Le couple décida de construire cette maison « temporaire » dans le coin nord-est du terrain afin de laisser l’espace central libre pour l’éventuelle construction de leur maison de rêve. La maison actuelle se trouve donc très près de la clôture de feuilles de palme qui sépare le terrain de mes amis de celui des voisins. La relation entre le temporel et le sensoriel est irrésistiblement exprimée dans cet exemple où la projection d’une future maison a des implications sensorielles dans le présent. Dès l’aube, on entend les voisins s’affairer aux travaux domestiques. Le son du robinet et de l’eau remplissant une bassine de plastique est suivi du son du balai, un swoosh swhoosh à la fois lent et rythmé qui aurait pu être apaisant mais que je trouve toujours irritant, comme si celui ou celle qui le passe en voulait à ceux qui dorment encore. Pour ceux qui préfèreraient parfois faire la grasse matinée, le son du balai peut facilement être ignoré. C’est plutôt l’appel moral qu’il évoque qui interpelle, et c’est spécialement le cas pour les jeunes filles du foyer qui doivent en principe s’affairer aux tâches domestiques dès l’aube. Le soleil se couche tôt en été comme en hiver sous le tropique du Capricorne et il faut donc se lever de bonne heure pour pouvoir profiter de la journée.

Si vivre dans une maison de roseaux procure des expériences sensorielles spécifiques, comme nous l’enseigne l’anthropologie sensorielle (Howes 2010 ; Gélard 2016), c’est aussi à travers l’habiter (le dwelling) que l’on forge normes et valeurs culturelles, de sorte qu’une attention aux expériences sensorielles met en relief ce à quoi on accorde valeur et importance. Particulièrement révélatrices sont les différentes tactiques développées tant pour reproduire ces normes et valeurs que pour remédier aux divers inconvénients de la vie dans une maison de roseaux. Par exemple, la maison est, dans plusieurs contextes culturels, un lieu important pour l’élaboration des relations de parenté et de genre (Moore 1984). Dans le sud du Mozambique, les maisons sont construites de manière à faciliter le contrôle des jeunes filles. Celles-ci logent généralement sous le même toit que leurs parents — et, ce qui est encore plus important, entrent et sortent par la même porte qu’eux. Les jeunes garçons, pour leur part, dorment la plupart du temps dans une structure indépendante dès qu’ils atteignent l’adolescence. La surveillance est d’ailleurs une préoccupation qui détermine à plusieurs niveaux comment on habite le monde dans cette région. Comme mentionné ci-haut, dans une maison en roseaux, on entend tout. On peut écouter les conversations des voisins, entendre l’arrivée d’un intrus ou d’un adolescent qui a veillé tard. Afin de créer un peu d’intimité auditive, on chuchote, et on garde la radio allumée. On bâtit des clôtures de plus de six pieds de hauteur pour bloquer la vue des voisins et des passants et créer une certaine intimité visuelle. Afin d’empêcher la poussière d’entrer, on accroche des voilages aux murs. Ceci enjolive, tout en agissant comme une sorte de moustiquaire. On passe aussi le balai régulièrement, tant à l’intérieur qu’à l’extérieur. Et puis on rêve, tout en accumulant des matériaux de construction pour la future maison. Une future maison qui sera moins poreuse et sensoriellement aseptisée.

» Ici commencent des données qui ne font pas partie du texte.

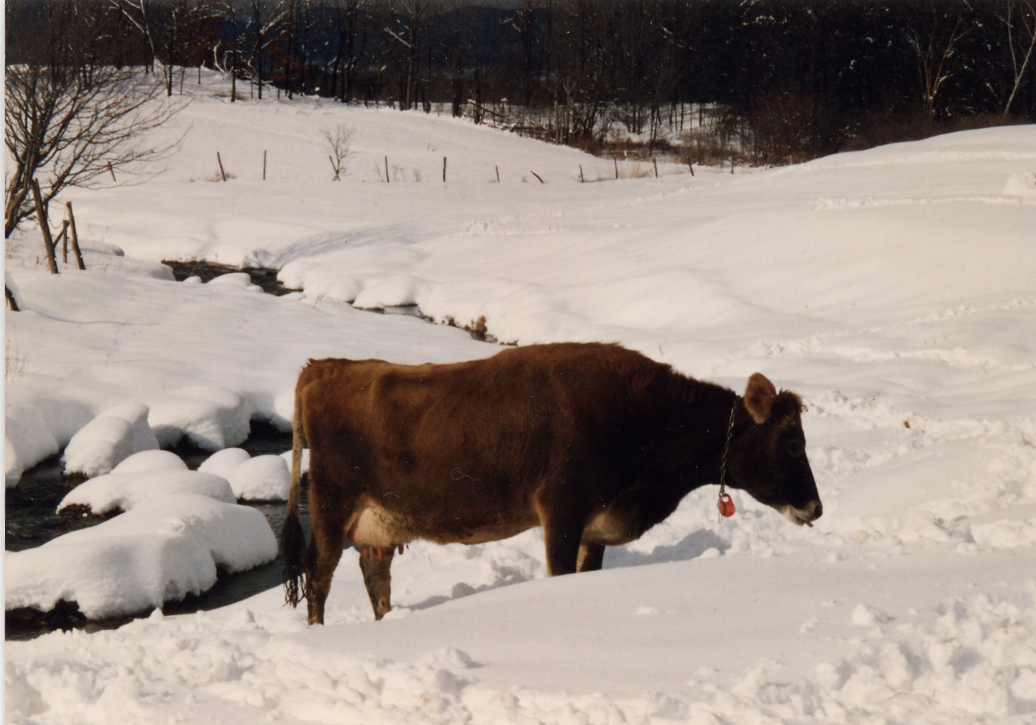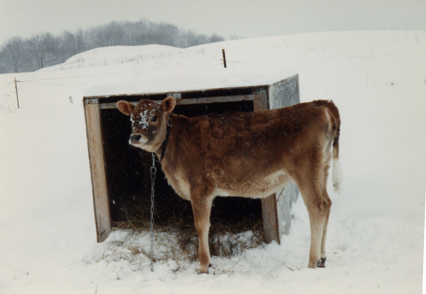 I also can’t help but think back to our winter farm days—Yikes!!!! So many things could freeze and go wrong. But, there were many good memories also. The cows would get outside to investigate the fresh clean snow after a storm. Then at milking time they would settle into their stalls and relax, gratefully chewing the fresh silage and hay. It was also wonderful to see the hutch calves running and kicking through the fresh snow. Some good ideas for batik have come from those images, but………. won’t be completed until next year.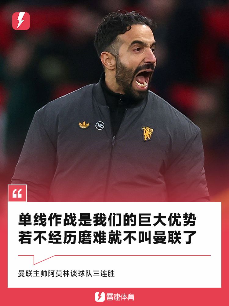 3连胜!阿莫林:单线作战是巨大优势,不经历磨难就不叫曼联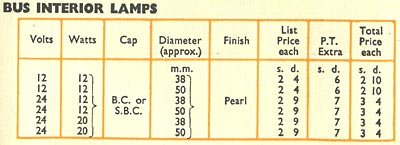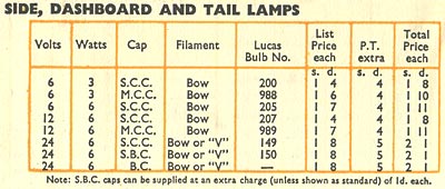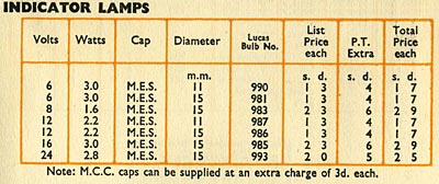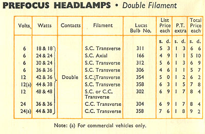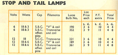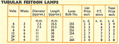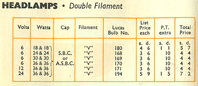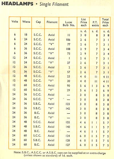 I've scanned a number of tables which describe the motor-car bulbs they had for sale, along with the matching Lucas equivalent part number. The first of these tables is shown below, and the remainder can be viewed by clicking the links that follow on. |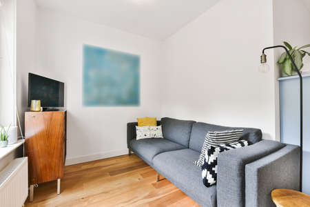 Comfortable sofa with cushions placed against light wall with TV and decorations in modern loving room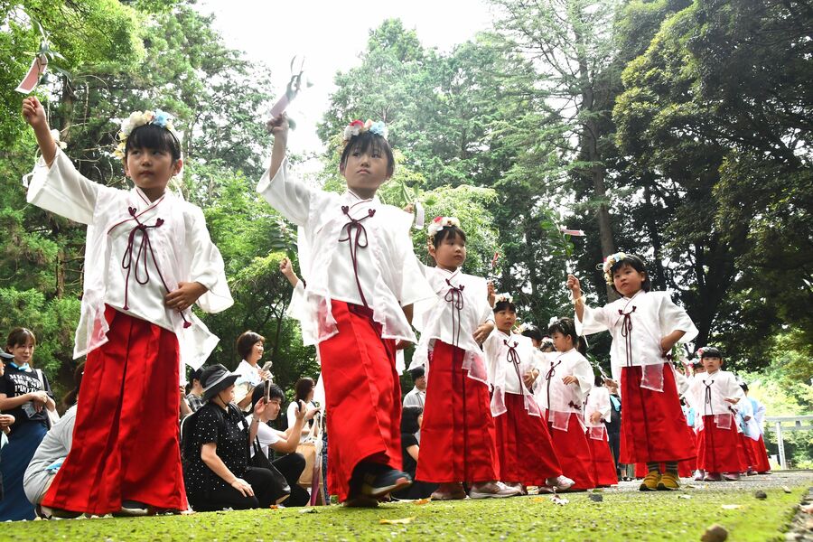 大田原神社にフラダンス奉納 幼児から80代の教室生徒50人が優雅に披露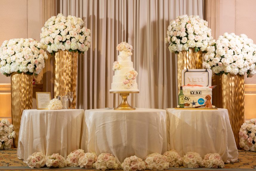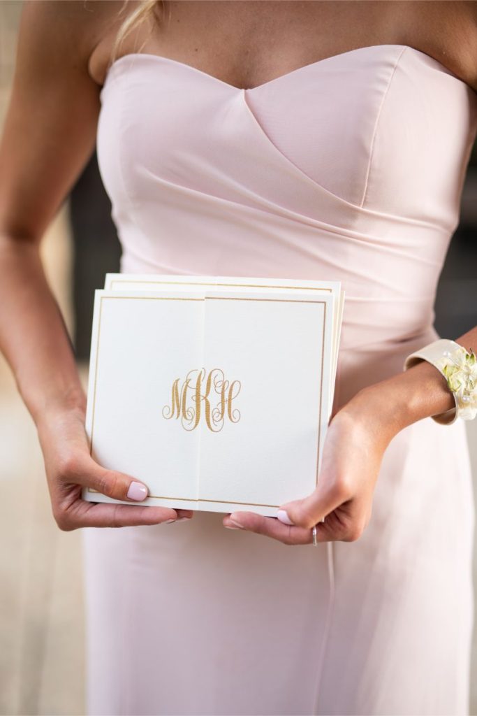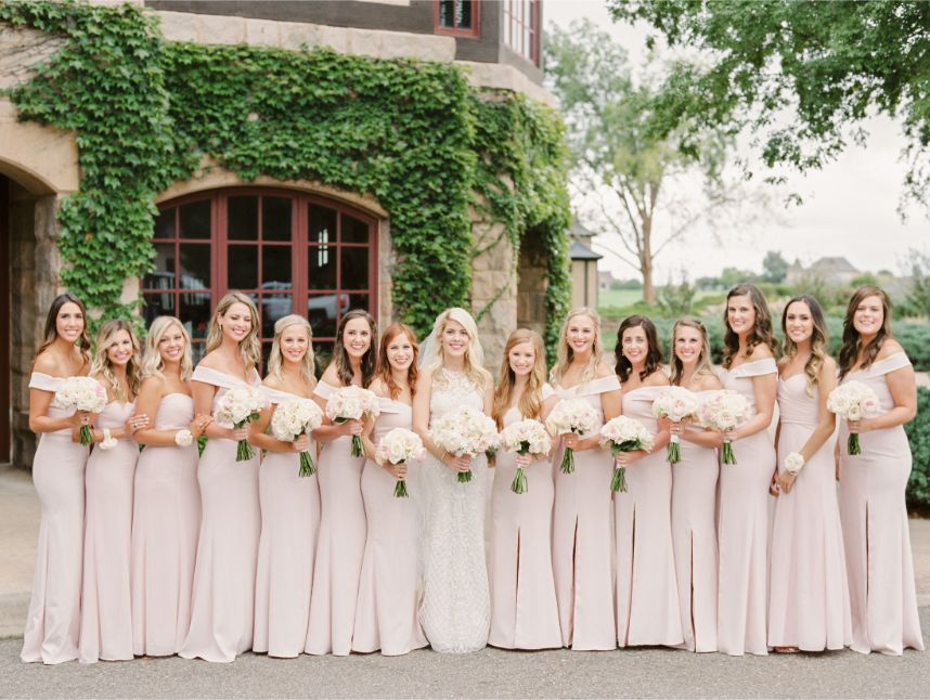 Maggie and Hayden’s timeless ballroom wedding is oh-so-beautiful in blush and ivory hues! Where do we even begin when there are so many incredible details to share!? Paper + More created the perfect first impression with classic wedding invitations! Maggie’s Lazaro wedding gown from J.J. Kelly Bridal Salon is pure elegance, her maids were perfectly complementary in pale pink gowns from Prim, and everyone’s hair was perfect thanks to the talents of Lexi Faught. The ballroom at Gaillardia looked oh-so-romantic with cream and blush pink florals from The Fleuriste and coordinating decor from Marianne’s Rentals and Mood Party Rentals. Amy Cakes crafted the delicious wedding cake, and Oklahoma wedding photographer Brett Heidebrecht captured every gorgeous detail. Cheers to the happy couple and their beautiful Oklahoma wedding!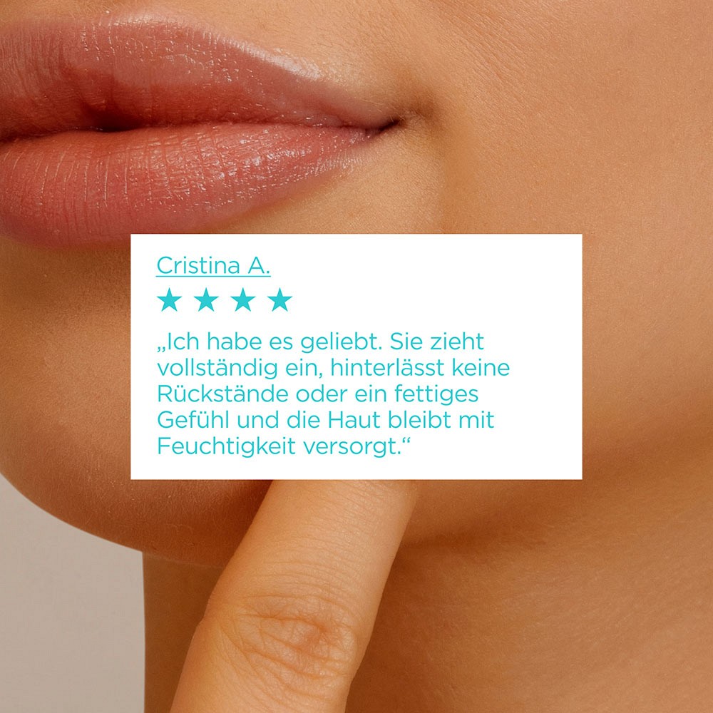 Die beruhigende Feuchtigkeitspflege zieht schnell ein und hinterlässt keine fettigen Rückstände.
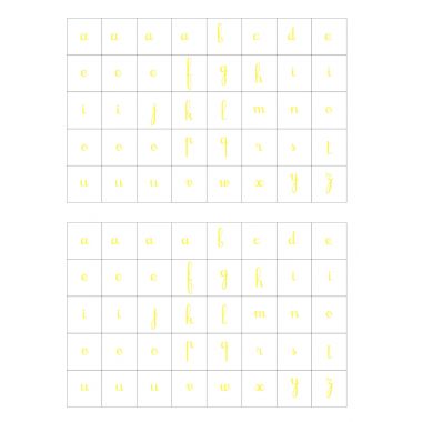 Pochette de 1600 gommettes lettres. 20 planches. 7 planches : lettres majuscules, 7 planches : lettres minuscules et 6 planches lettres cursives. Coloris : rouge, bleu, vert, jaune et noir Lettres imprimeries.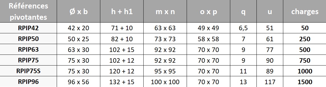 - Chapes/supports : fonte d’aluminium moulé, finition peinture ivoire martelé, pivotement sur 2 couronnes de billes.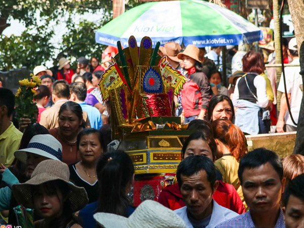 Người người đội mâm lễ vào đền ông Hoàng Mười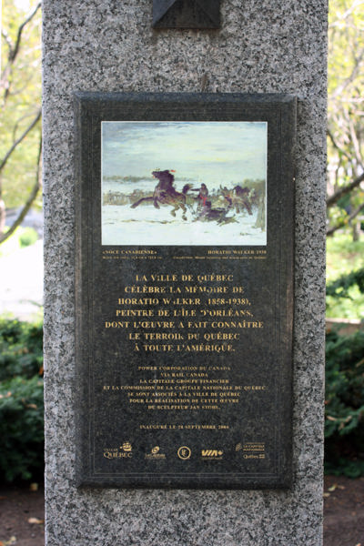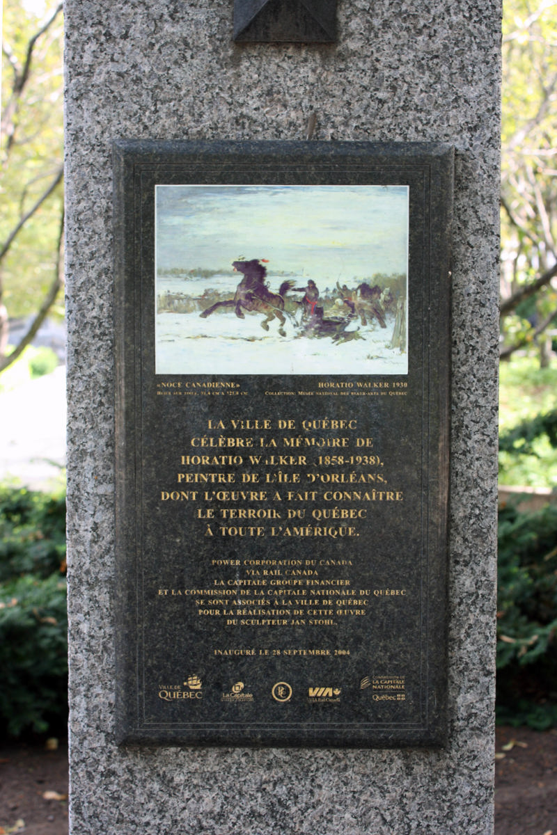 Horatio Walker, né en Ontario, compte parmi les peintres paysagistes canadiens les plus en vue des premières décennies du 20e siècle. Établi à l’île d’Orléans, il s’attache à peindre la vie rurale québécoise tout en la sublimant, à la manière de l’école de Barbizon, en France. On peut voir sur le piédestal une reproduction de son tableau Noce canadienne, réalisé en 1930.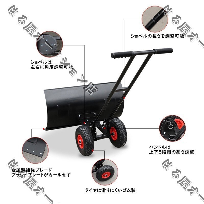 雪かき 雪かき機 除雪 スコップ タイヤ付き 冬 手押し式 高さ調整 左右角度調整 除雪用具 シャベル 家庭用 除雪と除氷 除雪作業 (黒・74cm)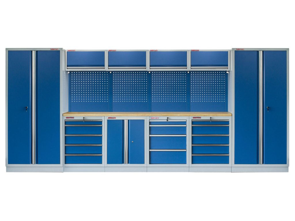 Sestava dílenského nábytku ve vysoké kvalitě, který je vhodný pro profesionální servisy i domácí garáže a dílny. Nábytek je celokovový s dřevěnou pracovní deskou. Sestava 21 ks dílenského nábytku udrží nářadí přehledně uklizené na správném místě.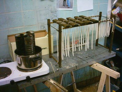 Vorbereitetes Gestell zum Kerzen ziehen mit Kerzenrohlingen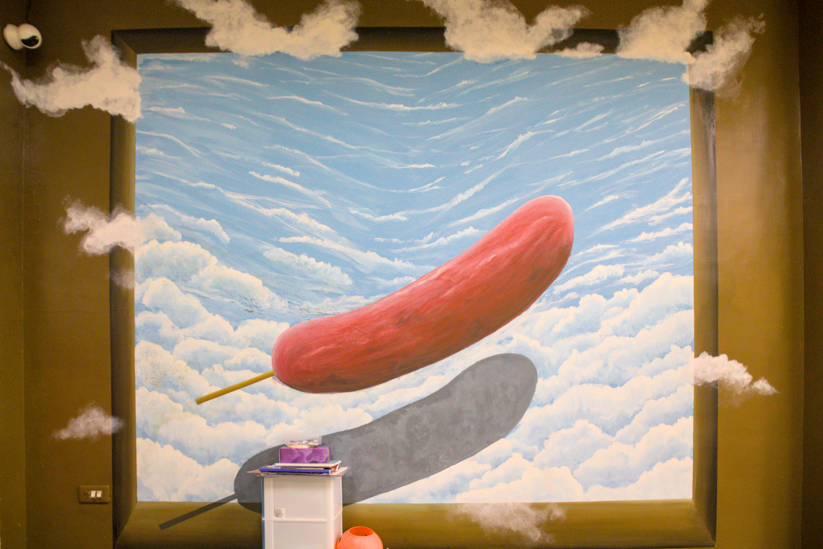 ▲走進巷內香腸,不只聞得到炭烤香氣,還能看到許多充滿巧思的佈置。牆上有一幅巨大香腸飛翔在雲端的立體畫,讓人忍不住停下來拍照打卡。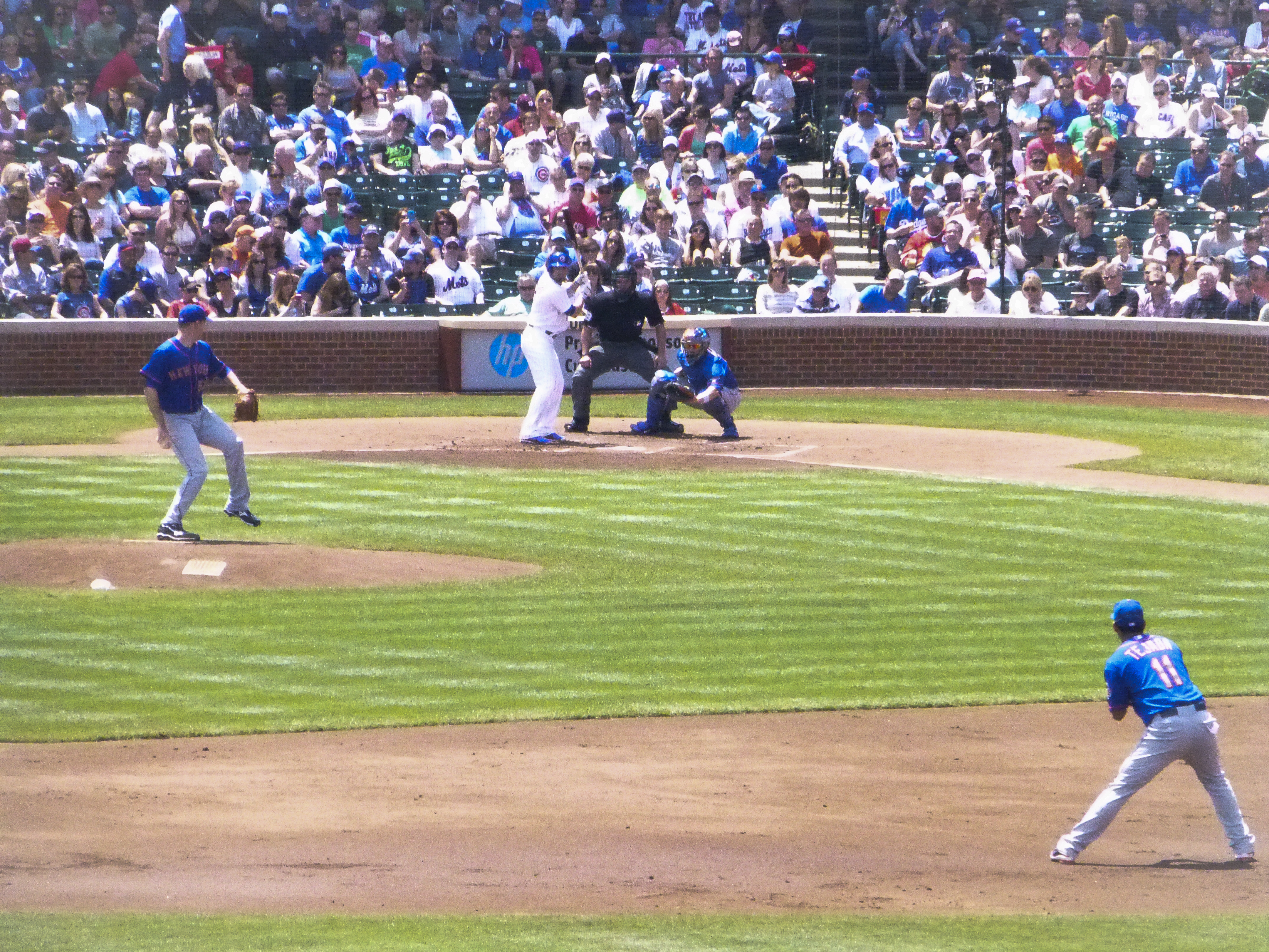 The next morning we navigated the Red Line and headed to Wrigley early to get in line with 500 of our friends in orange shirts to claim our spots in the bleachers. The enthusiasm among us was contagious and the Wrigley employees were, for the most part, extremely friendly and accommodating to this Mets invasion. Once we were seated in the center field bleachers, the Mets players began to notice and run by and wave. Even the general manager, Terry Collins, came out to say hello. It was hard not to feel like we were part of something big. And when we saw the photos in the Daily News the next day, we knew we were, indeed, part of something huge. Darren Meenan brought “a sea of orange” on the road and made Mets history at Wrigley.
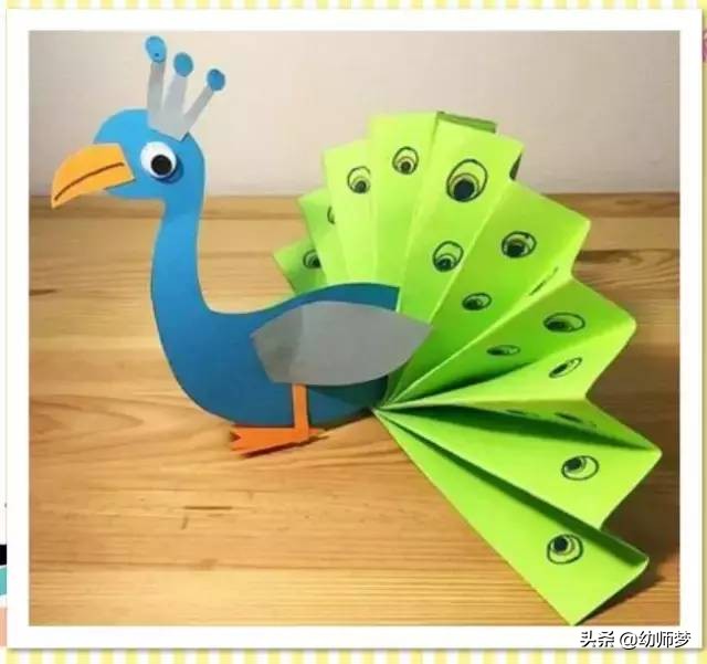 美丽的孔雀开屏啦,周末,和孩子一起在家做一个孔雀吧~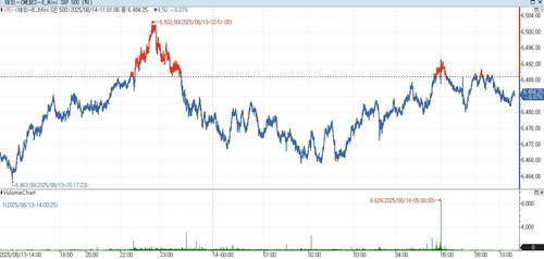 연합인포맥스 지수선물 통합화면(화면번호 6520)에 따르면 한국 시각으로 오전 11시1분 기준 E-미니 S&P500 지수 선물은 전장 대비 0.07% 하락한 6,484.25에 거래됐다.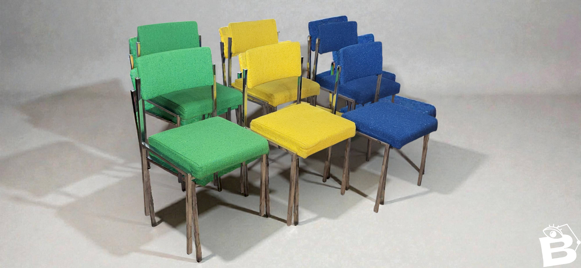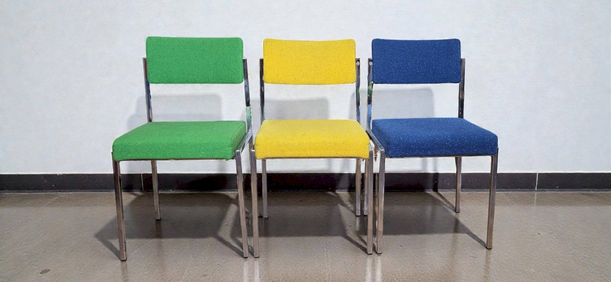 6 Strafor chairs from the 1970s. Set of 6 chairs from the Strafor brand from the 70s. Metal frame with a square section. Backrests and seats made of "foam" covered with colorful vintage fabric. The set is in good condition.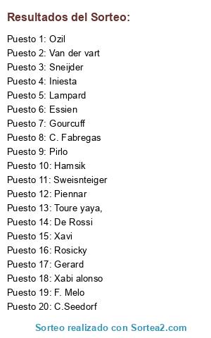 Lista de participantes: Xabi alonso, Toure yaya,, Gerard, F. Melo, C.Seedorf, Iniesta, C. Fabregas, Ozil, Sneijder, Xavi, De Rossi, Sweisnteiger, Essien, Gourcuff, Lampard, Hamsik, Van der vart, Rosicky, Piennar, Pirlo.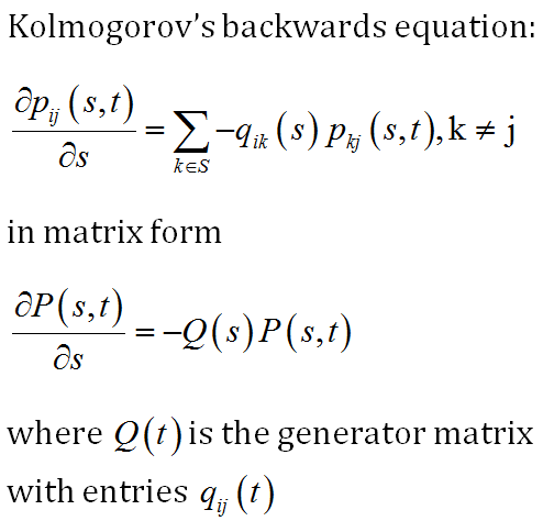 Define Kolmogorovs Backwards Equation for Markov Jump Processes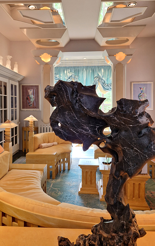 Cristina Iglesias The Shore at Hauser & Wirth features large-scale bronze works from the artist’s Littoral (Lunar Meteorite) series, part of her ongoing exploration of geological themes. The word ‘littoral’ refers to something relating to or situated along a coast or shore, or the region where the land meets the water. The weightiness of the objects is impressive ( I can’t imagine how they were brought into the gallery even with the technology available today – after coming here from the talk on stone henge and the incredible feat of bringing the standing stones across rough terrain for many kilometres and up a slope 5000 years ago seems even more impossible – yet there they are). The sound of water bubbling within each piece draws you to peer within and stay with the piece perhaps longer. The audience is invited to touch the sculptures. The bronze is polished and does need to be used and worn away in a more effective organic and dirty process. They are very clean.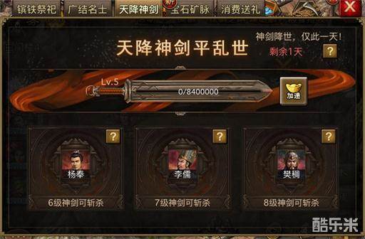 神剑介绍:神剑初始等级为1级,最高可升到13级。每升1级可以斩杀一个NPC(共12个),斩杀后可获得奖励。

Dans son essai phare intitulé Bâtir, habiter, penser (Building Dwelling Thinking), Heidegger (1971) établit une relation étroite entre la construction et l’habiter qui nous transporte de l’onirique bachelardien à une perspective phénoménologique ancrée dans le quotidien. Si bâtir et habiter sont souvent conçues comme des activités fondamentalement politiques (Holston 1991 ; Bayat 1997 ; Das et Randeria 2015), une attention particulière portée à la relation entre matérialité, temporalité et sensorialité ajoute texture et complexité aux aspirations qui les sous-tendent.